In 1999, UCLA recruited Plunkett to return to the West Coast. From there, he moved to the universities of Kentucky and Minnesota. But in 2014, as Geiss, began to step back from his practice, local hospital officials asked Plunkett to consider a second Peoria stint.
“I was just blown away by the new Children’s Hospital that had been constructed in my absence,” Plunkett said. “I decided this would be a wonderful opportunity to pick up where Dr. Geiss left off.
“The more I’ve become involved in the community here, the more I’ve sort of embraced it.”
A meaningful career
Plunkett’s work involves complex heart operations on newborns and on older children who have congenital defects, as well as adults. It’s highly specialized. Plunkett is one of about 160 heart surgeons in the country who are board certified in pediatric and congenital surgery.

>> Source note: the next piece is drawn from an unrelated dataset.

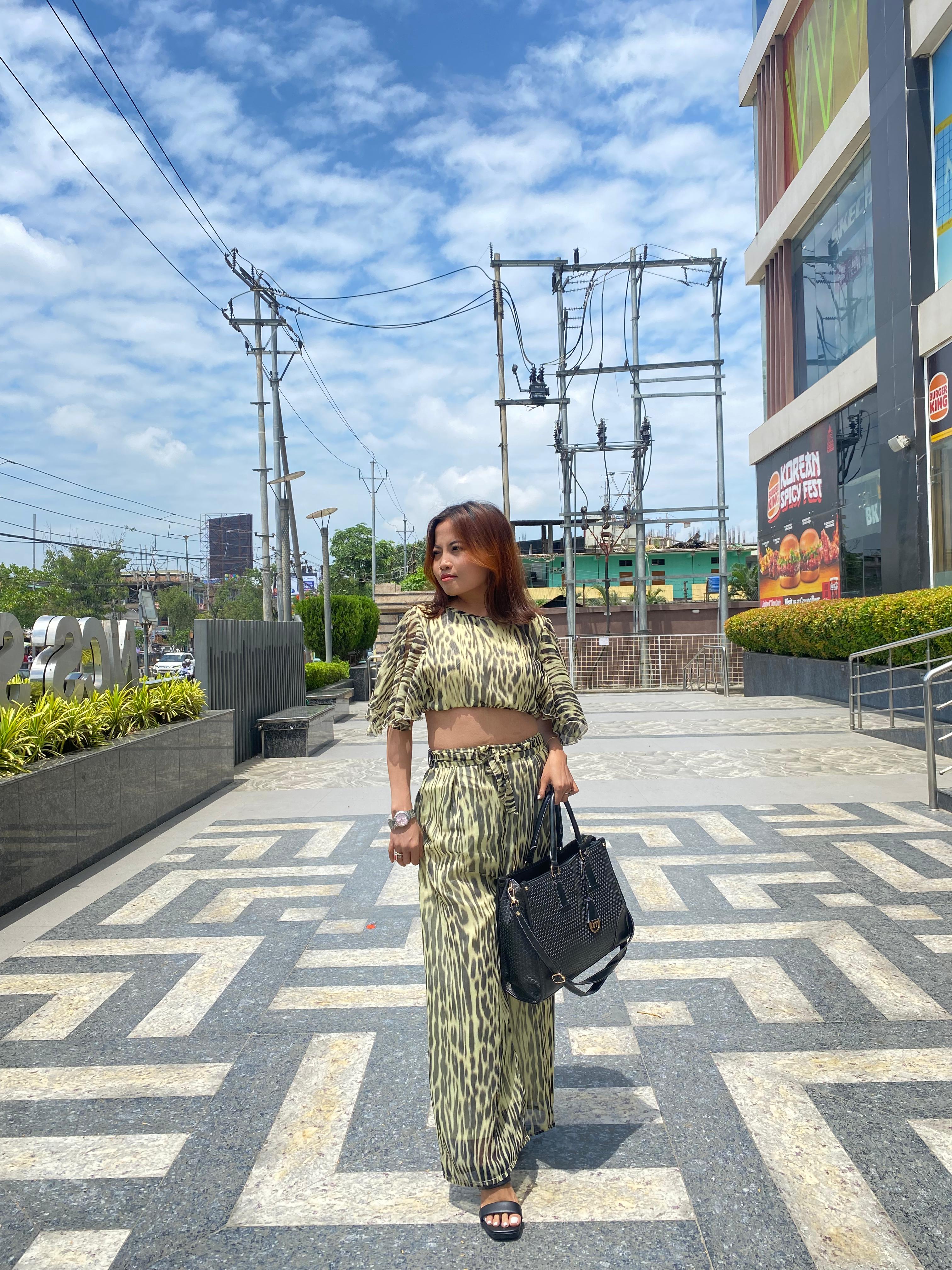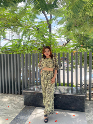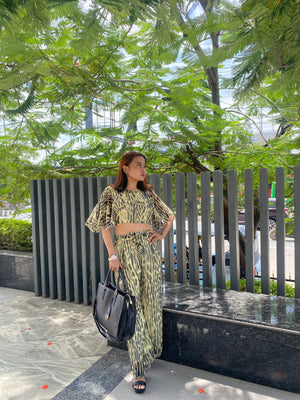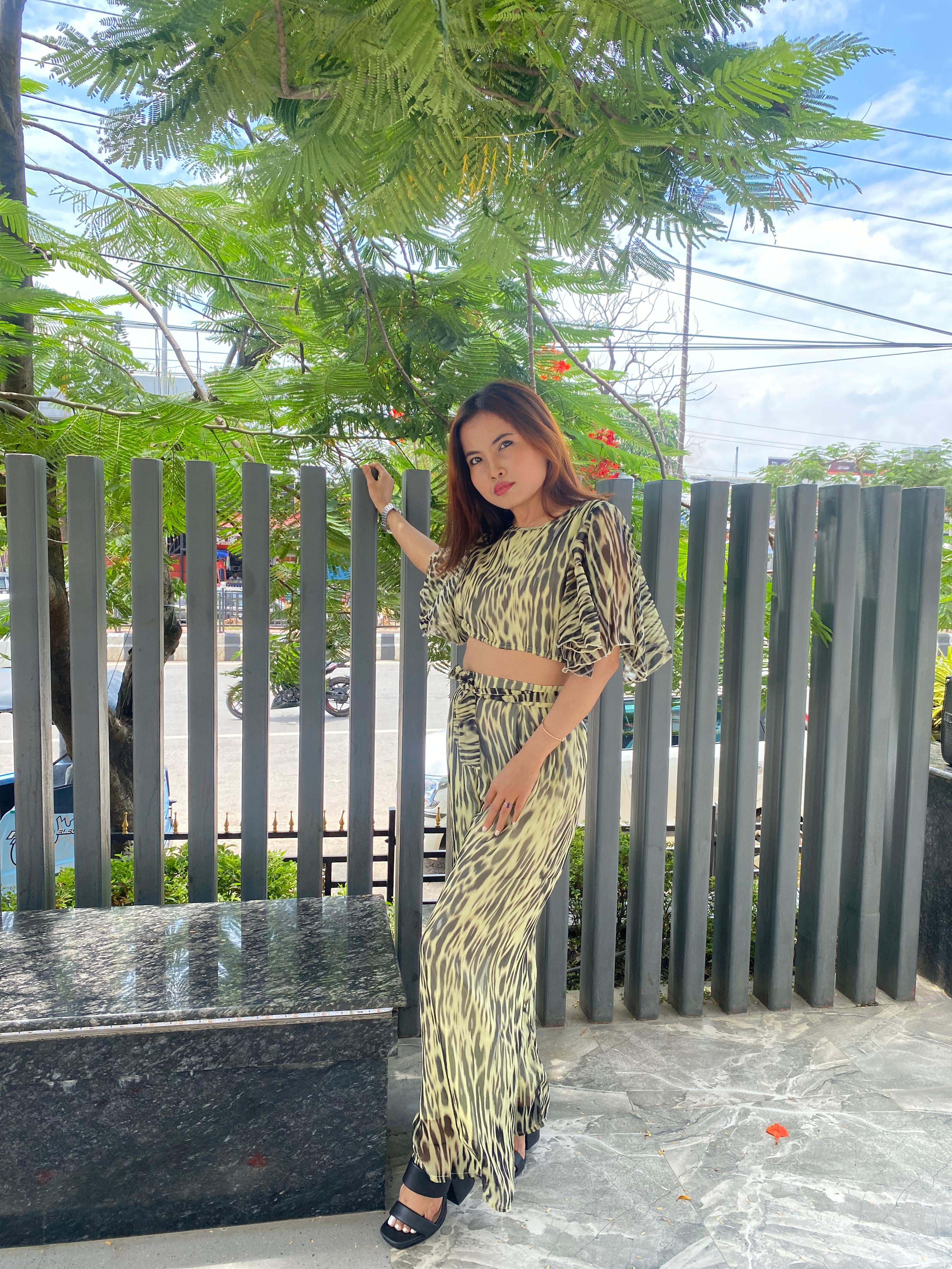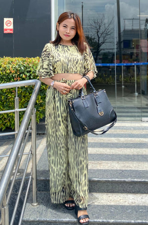 .A cropped, lightweight top with flared sleeves and matching high-waisted, wide-leg trousers. The outfit features a black and light yellow leopard print pattern. The trousers have an adjustable tie waist, and the look is styled with a large black handbag and black block-heeled sandals.

“Adult vascular surgery is all about patients who are older and lived full lives,” Schwartz said. “To operate on babies and infants, there’s a lot more at stake. He handles it very well and always has. He doesn’t complain about how difficult it is, but from where I’m sitting, it looks very difficult.”
Congenital Heart Center Co-Director Dr. Mark Knepp said Plunkett has about 150 patients. But those patients require a lot of attention, which Plunkett provides.
“He takes great care of our patients,” said Knepp, a native of nearby Roanoke. “He loves them very much. When he takes on a patient, they become almost part of his family. He makes friends with everyone. People like Mark wherever he’s at.”
That includes on stage.
A fulfilling hobby
Schwartz said it’s not uncommon for surgeons to have passions outside the operating theater. Sometimes it’s golf. Sometimes it’s art. In Plunkett’s case, it’s music.
“Being an accomplished musician is a great skill set to have,” said Dr. Chuck Aprahamian, the Children’s Hospital surgeon-in-chief. “It’s another technically demanding thing. You can focus on something technically demanding, but the consequences of missing a beat aren’t like operating on anybody.
“It’s a way to keep that challenge without the total stress.”
The biggest challenge for Plunkett’s upcoming efforts at the Par-A-Dice might involve the band’s set list. Unsurprisingly for a drummer, perhaps, Plunkett likes it uptempo.
Plunkett performed “I Saw Her Standing There” for his wife, Tara, at their wedding reception. “Devil with a Blue Dress On” is another Heartmenders standard.
On occasion, Plunkett also has been known to sing. “My Girl” and “Secret Agent Man” are favorites, he said. But his longtime bandmate suggested Plunkett might want to stick with more familiar cadences.
“He’s a C-minus singer,” Schwartz said with a laugh.